You know that he's been doing this on eBay since 2006 and has over 4000 positive feedback. You have to know he must be selling this info to someone!!!
thanks for your response
On iPhone one can use a four number password for access. If this number is not entered in ten tries all of ones data can be erased. Does this not make it reasonably safe to keep ones passwords in the iPhone notes "app"?
Tuned in late today, but this has something to do with security and can maybe be used on another show. (love your show by the way) Why is it that you need a pin number for debit, but not for a credit card? If a credit card is stolen, anyone can use it just about anywhere. At Target and Walmart, you just swipe and go. Anyone could order anything online because you have the 3 digit code on back of the card. If a pin was needed, it would be useless to steal a credit card.

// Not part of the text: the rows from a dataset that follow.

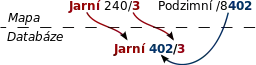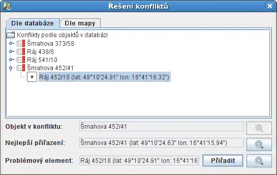 Z menu vyberte Adresy → Přiřadit adresy. Tento dialog prochází všechny relace (včetně těch, které vznikly manuálně vyřešením konfliktů) a snaží se upravit mapu tak, aby přesně odpovídala elementům v databázi. Příklad, jak takové přiřazení může vypadat je na následujícím obrázku:
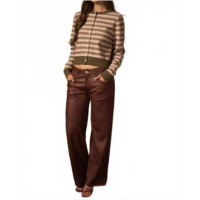 LE LIS low waist crinkle detail faux leather pants in brown
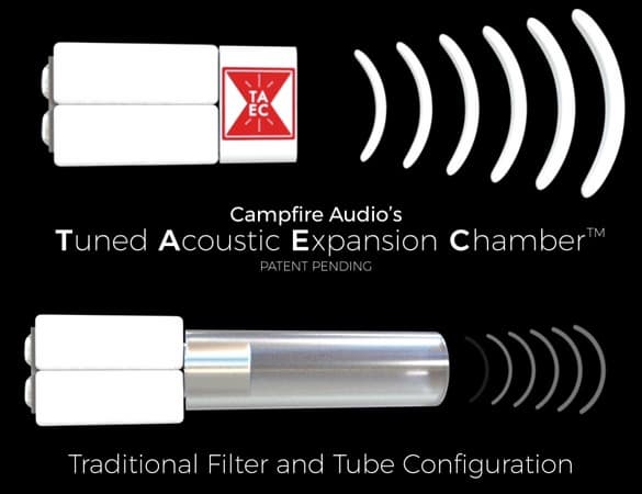 Но главная гордость разработчика в конструкции — это акустическая камера TAEC. Камера сложной формы изготавливается на 3D-принтере и имеет ряд преимуществ по сравнению со стандартными канальными трубками, применяемыми в наушниках прочих производителей. Камера убирает геометрические резонансы и дает более равномерный звук на ВЧ.

Why hasn't Master Card or Visa thought of this??? Seems so logical to me. Thanks.
Another fearmongering and impractical discussion about something the average person has no time for or control over. Things are this way because corporatism is predation. We can have no individual security or privacy under such a regime. In Egypt this would spark revolution, but here it is accepted. We are passive receptive ruminants.
I pass!
One of your guests today on computer security mentioned a free download to check your computers for vulnerability. I was driving at the time and was not able to write this suggestion down. Please respond to this request by Facebook so I can get that information. Thank you.
It is important to remember that the safest computer is one that is not even plugged in, and is locked in a safe. It is also the useless. The most useful computer is on the internet and has no security and is the most vulnerable. What one must decide is where along the usability/security curve works for them.
Thanks for the article. We all need to be more proactive about our personal account security. I agree that passwords should be a thing of the past. The fact that we are still living in a password ruled world is frustrating. Almost everything is still only password protected. But ultimately the fact is passwords (strong or not) do not replace the need for other effective security control. The only real solution is to add additional layers of authentication for access and transaction verification without unreasonable complexity and this will of help to their customers if they implement some form of a two-step or two-factor authentication were you can telesign into your account and have the security knowing you are protected if your password were to be stolen. This should be a prerequisite to any system that wants to promote itself as being secure. With this if they were to try to use the “stolen” password and don’t have your phone nor are on the computer, smartphone or tablet you have designated trusted, they would not be able to enter the account.
Your guests mentioned several different software program for password security. Would it be possible for you to post the names/links for the software discussed in the show?